[Start of Attachment]

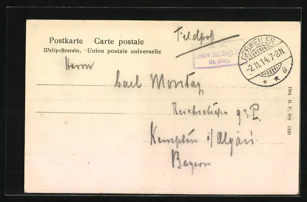 alte Ansichtskarte, gelaufen 1914, guter Zustand
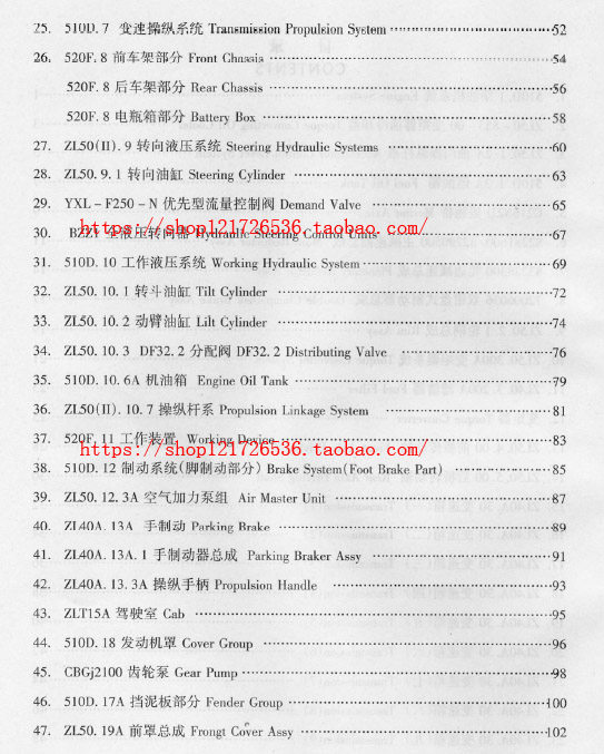 Xu Worker Wheeled Loader LW520F Parts Catalog Accessories Catalog
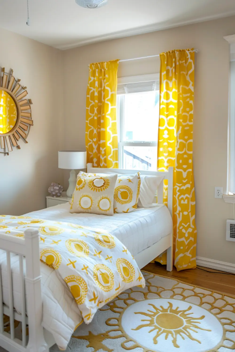 Brighten her world with a sunshine sanctuary theme featuring sun motifs, bright yellow curtains, and a sun-shaped mirror.
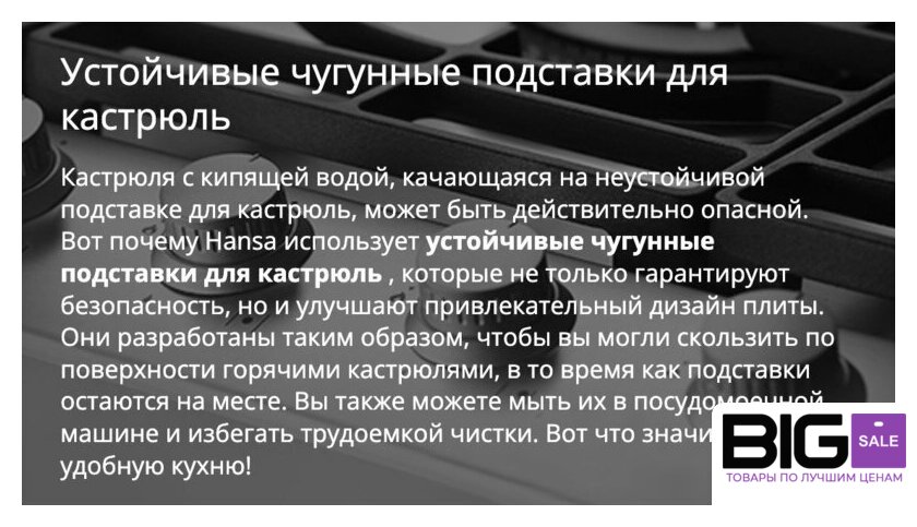 | Чугунные конфорки | нет |
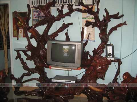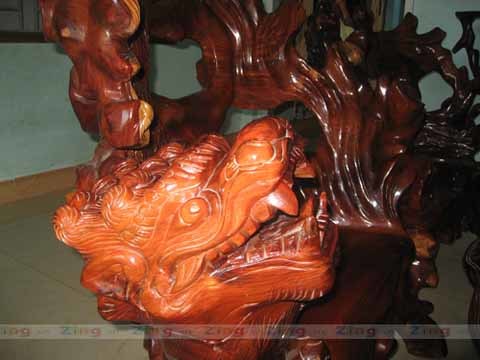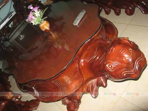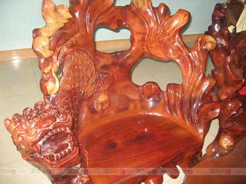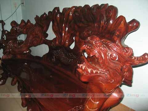 Bộ bàn ghế gồm đầy đủ hình dáng long, lân, quy, phụng được làm từ gốc cây cẩm lai (chi gỗ quý còn có tên khác là sưa, trắc). Theo vị chủ nhân thì gốc rễ gỗ quý khổng lồ để làm bộ bàn ghế này được mua về từ Campuchia vào thập niên 90 của thế kỷ trước.
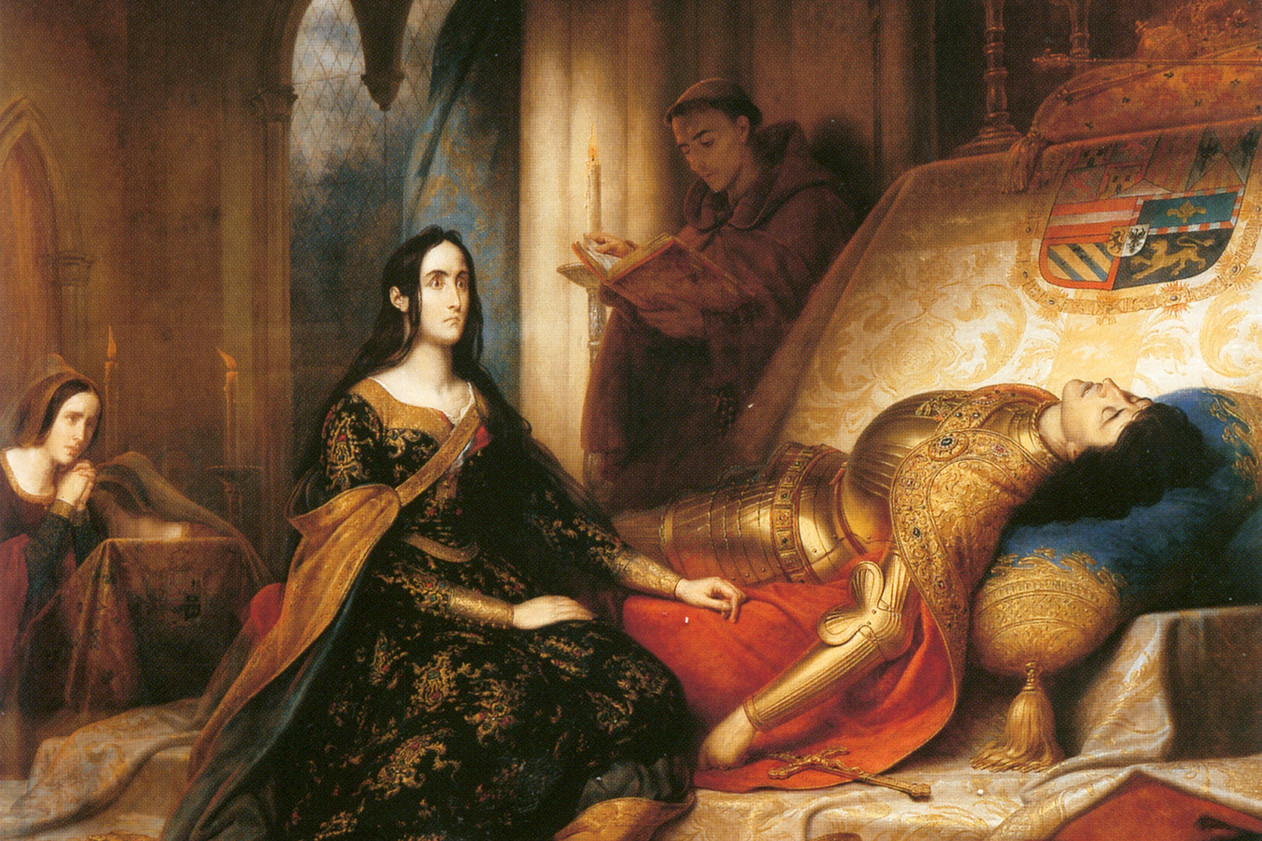 Jana I. Kastilská u lože mrtvého manžela na obraze německého romantického malíře Charlese de Steubena. (foto: Wikimedia Commons, Juana la Loca, CC0)
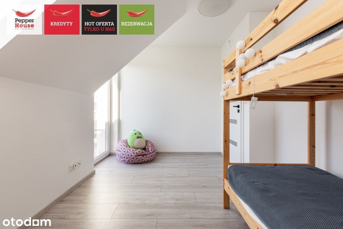 Tylko w Pepper House! Dom położony w spokojnym Osiedlu Bursztynowym w Pierwoszynie, zaledwie kilka minut od morza. Kameralne otoczenie z niską zabudową zapewnia prywatność i ciszę, a ogród od strony zachodniej pozwala cieszyć się popołudniowym słońcem. To idealne miejsce dla osób szukających codziennego spokoju, kontaktu z naturą i wygody życia w nadmorskiej miejscowości. • Segment środkowy w zabudowie szeregowej, powierzchnia 92,54 m², z poddaszem i własnym ogrodem. • Ekspozycja wschód-zachód, z ogrodem od strony zachodniej - światło od świtu do zachodu. • 2 miejsca postojowe naziemne przed budynkiem - wygodnie i pod samym wejściem. • Stan deweloperski dotyczy wyłącznie łazienki na piętrze - reszta gotowa do aranżacji według Twojego stylu. • Parter (49,1 m²) : wiatrołap, kuchnia, salon z jadalnią i wyjściem do ogrodu, pokój (idealny gabinet lub pokój gościnny), przedpokój, praktyczny schowek, łazienka. • Piętro (43,4 m²) : trzy pokoje (w tym jedna sypialnia z możliwością wydzielenia garderoby), łazienka w stanie deweloperskim, przedpokój. • Poddasze: funkcjonalna przestrzeń do przechowywania (sezonowe rzeczy, sprzęt domowy). • Pierwoszyno, gmina Kosakowo - cicha, bezpieczna okolica z niską zabudową i pełnym nadmorskim urokiem. • Zaledwie 15 minut spacerem na piaszczystą plażę - wygodna, zielona trasa idealna na codzienne spacery. • W pobliżu tereny chronione i rezerwat przyrody - świeże powietrze, ścieżki spacerowe i kontakt z naturą na co dzień. • Własny dom nad morzem z prywatnym ogrodem i pełną swobodą życia. • Funkcjonalny układ: dodatkowy pokój na parterze, trzy sypialnie na piętrze i poddasze na przechowywanie. • Słońce przez cały dzień dzięki ekspozycji wschód-zachód; ogród świetny na popołudniowy relaks. Opłaty eksploatacyjne wraz z mediami kształtują się na poziomie 800 miesięcznie zimą oraz 400 zł latem. Ogłoszenie ma charakter wyłącznie informacyjny i nie stanowi oferty handlowej w rozumieniu Kodeksu Cywilnego.
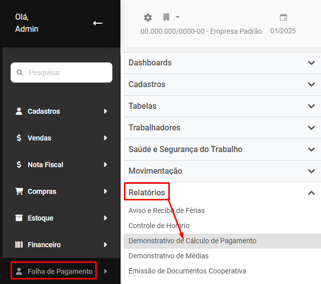 Para que você imprima o Relatório Demonstrativo de Cálculo de Pagamento deverá acessar o menu Folha de Pagamento>Relatórios>Demonstrativo de Cálculo de Pagamento
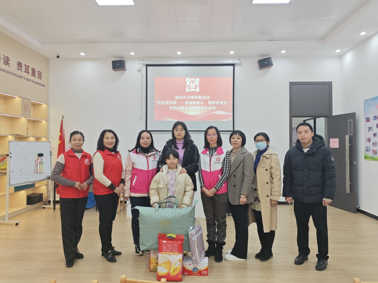 为深入贯彻习近平总书记关于妇女儿童和妇联工作的重要论述精神,聚集妇女儿童“急难愁盼”问题,让困难家庭度过一个欢乐祥和的新春佳节,近日,在罗阳街道副主任、妇联主席王彬兰带领下,罗阳街道妇联、中文博彩平台教育义工团志愿服务队在罗阳街道龙珠社区联合开展“把爱带回家——真情暖童心,相伴护成长”困境学生关爱慰问活动。
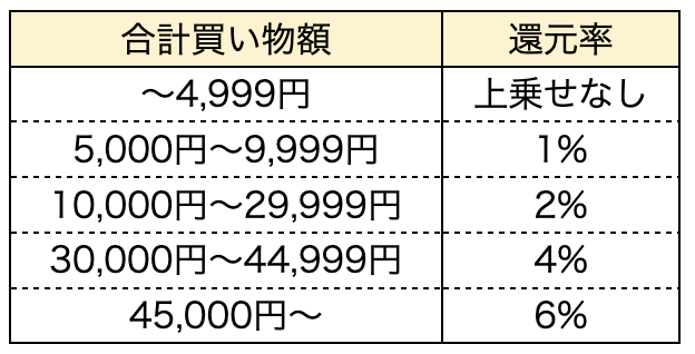 ポイントアップ祭は合計買い物額で還元率が決定するシステムで45,000円以上買うと最大の+6%が適用されます。
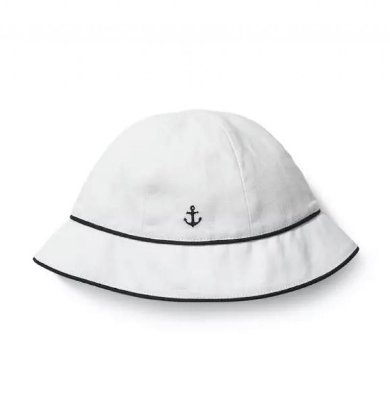 For sunny days or just because, our pure linen bucket hat with a mini embroidered anchor.
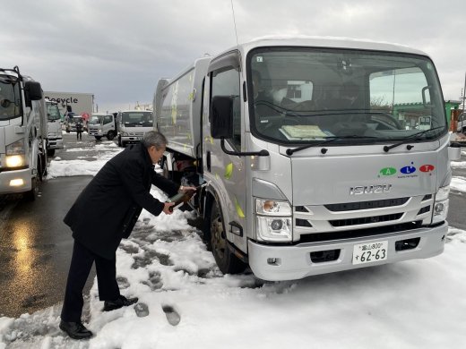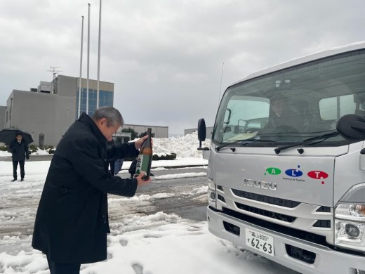本年の仕事始めにあたり、2026年1月5日に1年間の安全を祈念して弊社伝統行事「運搬車両の出発式」を行いました。
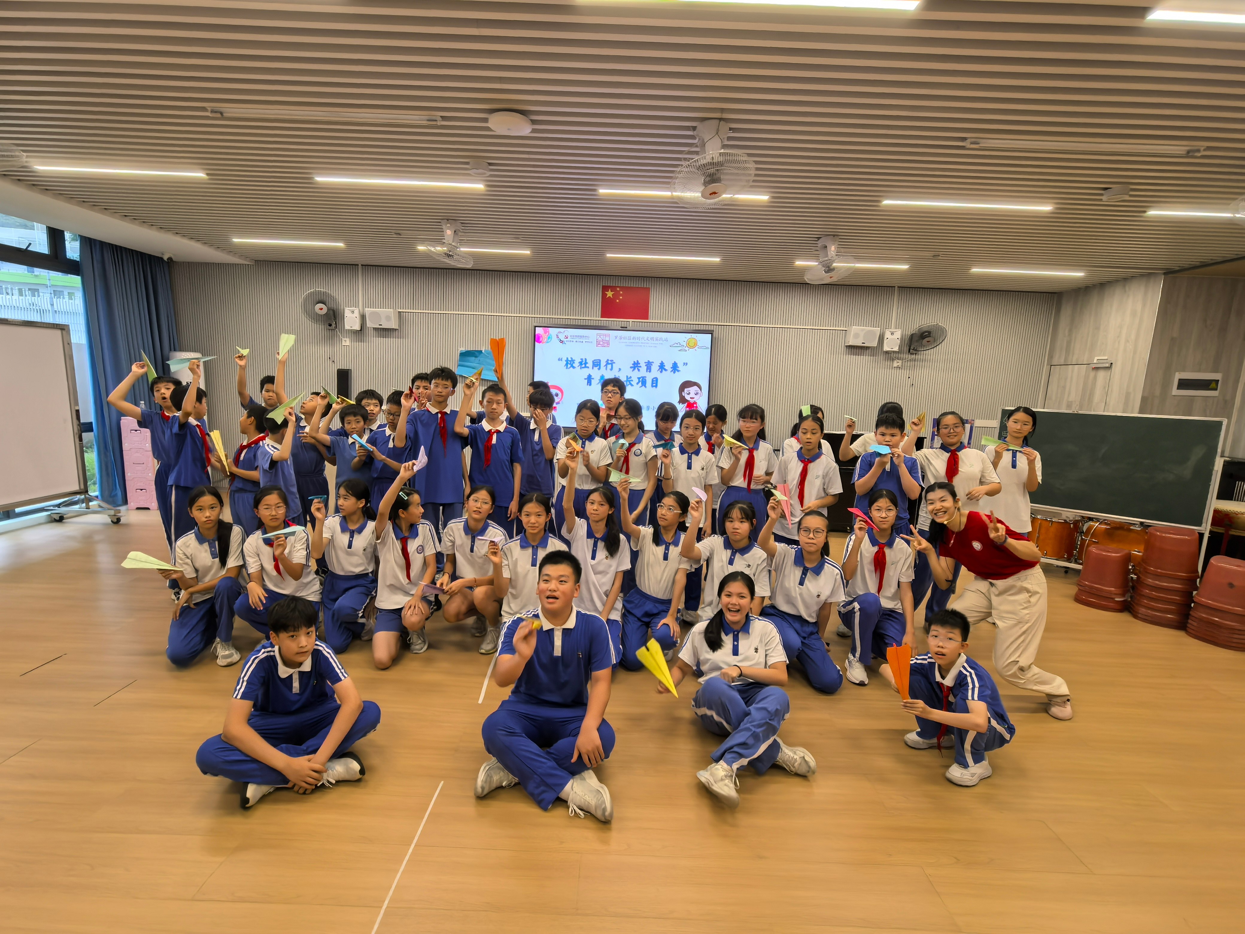 毕业班减压活动现场同样精彩纷呈,专业社工精心策划 “我最大”“社工大挑战”“放飞压力”等互动游戏,迅速点燃 150 余名毕业班学生的热情。在“放飞压力” 环节,同学们将升学压力与烦恼写在纸上,折成纸飞机放飞,在欢声笑语中释放焦虑。大家还敞开心扉分享压力感受,互相鼓励。“第一次玩这样的游戏,特别放松!”一位同学兴奋地分享道。
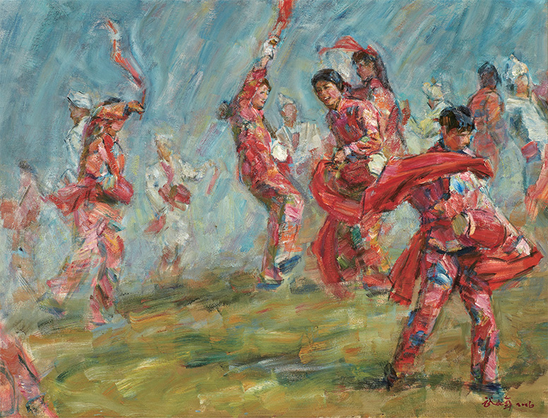 开幕式上,武永年将《信天游》等24幅作品捐献给中国美术馆永久收藏。展览将持续至5月21日。图为武永年作品《欢乐的女孩》。 (周 茉)
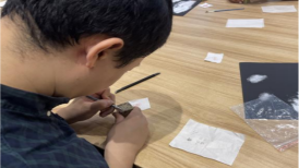 电力学院教师王亮讲解了篆刻技艺起源和技艺;信息学院教师张融雪实际动手操作演示了篆刻的技艺过程;大家一边观看篆刻技艺的视频,一边动手篆刻印章。各位老师以教育家精神--“心有大我、言为士则、启润心智、勤学笃行、乐教爱生、胸怀天下”为篆刻印章的内容,开始学习尝试篆刻,老师们跃跃欲试,手握刻刀,全神贯注于印面上,大家从章法的筹布、印石的整平、上石、刻制与修整认真完成每个步骤,一笔一刻感受着中华艺术文明,印章在刻刀下慢慢呈现。老师们初次体验篆刻,但他们发挥创意,对印面进行设计创新。也通过练习逐渐掌握了执刀、运刀等篆刻要领,手中的刻刀越来越得心应手。大家边刻边交流,增进了解,活动现场气氛活跃,洋溢着浓厚的文化氛围。

[End of Attachment]

Copy out the records above in full, exactly as written, but not the pictures.

 alte Ansichtskarte, gelaufen 1914, guter Zustand
 Xu Worker Wheeled Loader LW520F Parts Catalog Accessories Catalog
 Brighten her world with a sunshine sanctuary theme featuring sun motifs, bright yellow curtains, and a sun-shaped mirror.
 | Чугунные конфорки | нет |
 Bộ bàn ghế gồm đầy đủ hình dáng long, lân, quy, phụng được làm từ gốc cây cẩm lai (chi gỗ quý còn có tên khác là sưa, trắc). Theo vị chủ nhân thì gốc rễ gỗ quý khổng lồ để làm bộ bàn ghế này được mua về từ Campuchia vào thập niên 90 của thế kỷ trước.
 Jana I. Kastilská u lože mrtvého manžela na obraze německého romantického malíře Charlese de Steubena. (foto: Wikimedia Commons, Juana la Loca, CC0)
 Tylko w Pepper House! Dom położony w spokojnym Osiedlu Bursztynowym w Pierwoszynie, zaledwie kilka minut od morza. Kameralne otoczenie z niską zabudową zapewnia prywatność i ciszę, a ogród od strony zachodniej pozwala cieszyć się popołudniowym słońcem. To idealne miejsce dla osób szukających codziennego spokoju, kontaktu z naturą i wygody życia w nadmorskiej miejscowości. • Segment środkowy w zabudowie szeregowej, powierzchnia 92,54 m², z poddaszem i własnym ogrodem. • Ekspozycja wschód-zachód, z ogrodem od strony zachodniej - światło od świtu do zachodu. • 2 miejsca postojowe naziemne przed budynkiem - wygodnie i pod samym wejściem. • Stan deweloperski dotyczy wyłącznie łazienki na piętrze - reszta gotowa do aranżacji według Twojego stylu. • Parter (49,1 m²) : wiatrołap, kuchnia, salon z jadalnią i wyjściem do ogrodu, pokój (idealny gabinet lub pokój gościnny), przedpokój, praktyczny schowek, łazienka. • Piętro (43,4 m²) : trzy pokoje (w tym jedna sypialnia z możliwością wydzielenia garderoby), łazienka w stanie deweloperskim, przedpokój. • Poddasze: funkcjonalna przestrzeń do przechowywania (sezonowe rzeczy, sprzęt domowy). • Pierwoszyno, gmina Kosakowo - cicha, bezpieczna okolica z niską zabudową i pełnym nadmorskim urokiem. • Zaledwie 15 minut spacerem na piaszczystą plażę - wygodna, zielona trasa idealna na codzienne spacery. • W pobliżu tereny chronione i rezerwat przyrody - świeże powietrze, ścieżki spacerowe i kontakt z naturą na co dzień. • Własny dom nad morzem z prywatnym ogrodem i pełną swobodą życia. • Funkcjonalny układ: dodatkowy pokój na parterze, trzy sypialnie na piętrze i poddasze na przechowywanie. • Słońce przez cały dzień dzięki ekspozycji wschód-zachód; ogród świetny na popołudniowy relaks. Opłaty eksploatacyjne wraz z mediami kształtują się na poziomie 800 miesięcznie zimą oraz 400 zł latem. Ogłoszenie ma charakter wyłącznie informacyjny i nie stanowi oferty handlowej w rozumieniu Kodeksu Cywilnego.
 Para que você imprima o Relatório Demonstrativo de Cálculo de Pagamento deverá acessar o menu Folha de Pagamento>Relatórios>Demonstrativo de Cálculo de Pagamento
 为深入贯彻习近平总书记关于妇女儿童和妇联工作的重要论述精神,聚集妇女儿童“急难愁盼”问题,让困难家庭度过一个欢乐祥和的新春佳节,近日,在罗阳街道副主任、妇联主席王彬兰带领下,罗阳街道妇联、中文博彩平台教育义工团志愿服务队在罗阳街道龙珠社区联合开展“把爱带回家——真情暖童心,相伴护成长”困境学生关爱慰问活动。
 ポイントアップ祭は合計買い物額で還元率が決定するシステムで45,000円以上買うと最大の+6%が適用されます。
 For sunny days or just because, our pure linen bucket hat with a mini embroidered anchor.
本年の仕事始めにあたり、2026年1月5日に1年間の安全を祈念して弊社伝統行事「運搬車両の出発式」を行いました。
 毕业班减压活动现场同样精彩纷呈,专业社工精心策划 “我最大”“社工大挑战”“放飞压力”等互动游戏,迅速点燃 150 余名毕业班学生的热情。在“放飞压力” 环节,同学们将升学压力与烦恼写在纸上,折成纸飞机放飞,在欢声笑语中释放焦虑。大家还敞开心扉分享压力感受,互相鼓励。“第一次玩这样的游戏,特别放松!”一位同学兴奋地分享道。
 开幕式上,武永年将《信天游》等24幅作品捐献给中国美术馆永久收藏。展览将持续至5月21日。图为武永年作品《欢乐的女孩》。 (周 茉)
 电力学院教师王亮讲解了篆刻技艺起源和技艺;信息学院教师张融雪实际动手操作演示了篆刻的技艺过程;大家一边观看篆刻技艺的视频,一边动手篆刻印章。各位老师以教育家精神--“心有大我、言为士则、启润心智、勤学笃行、乐教爱生、胸怀天下”为篆刻印章的内容,开始学习尝试篆刻,老师们跃跃欲试,手握刻刀,全神贯注于印面上,大家从章法的筹布、印石的整平、上石、刻制与修整认真完成每个步骤,一笔一刻感受着中华艺术文明,印章在刻刀下慢慢呈现。老师们初次体验篆刻,但他们发挥创意,对印面进行设计创新。也通过练习逐渐掌握了执刀、运刀等篆刻要领,手中的刻刀越来越得心应手。大家边刻边交流,增进了解,活动现场气氛活跃,洋溢着浓厚的文化氛围。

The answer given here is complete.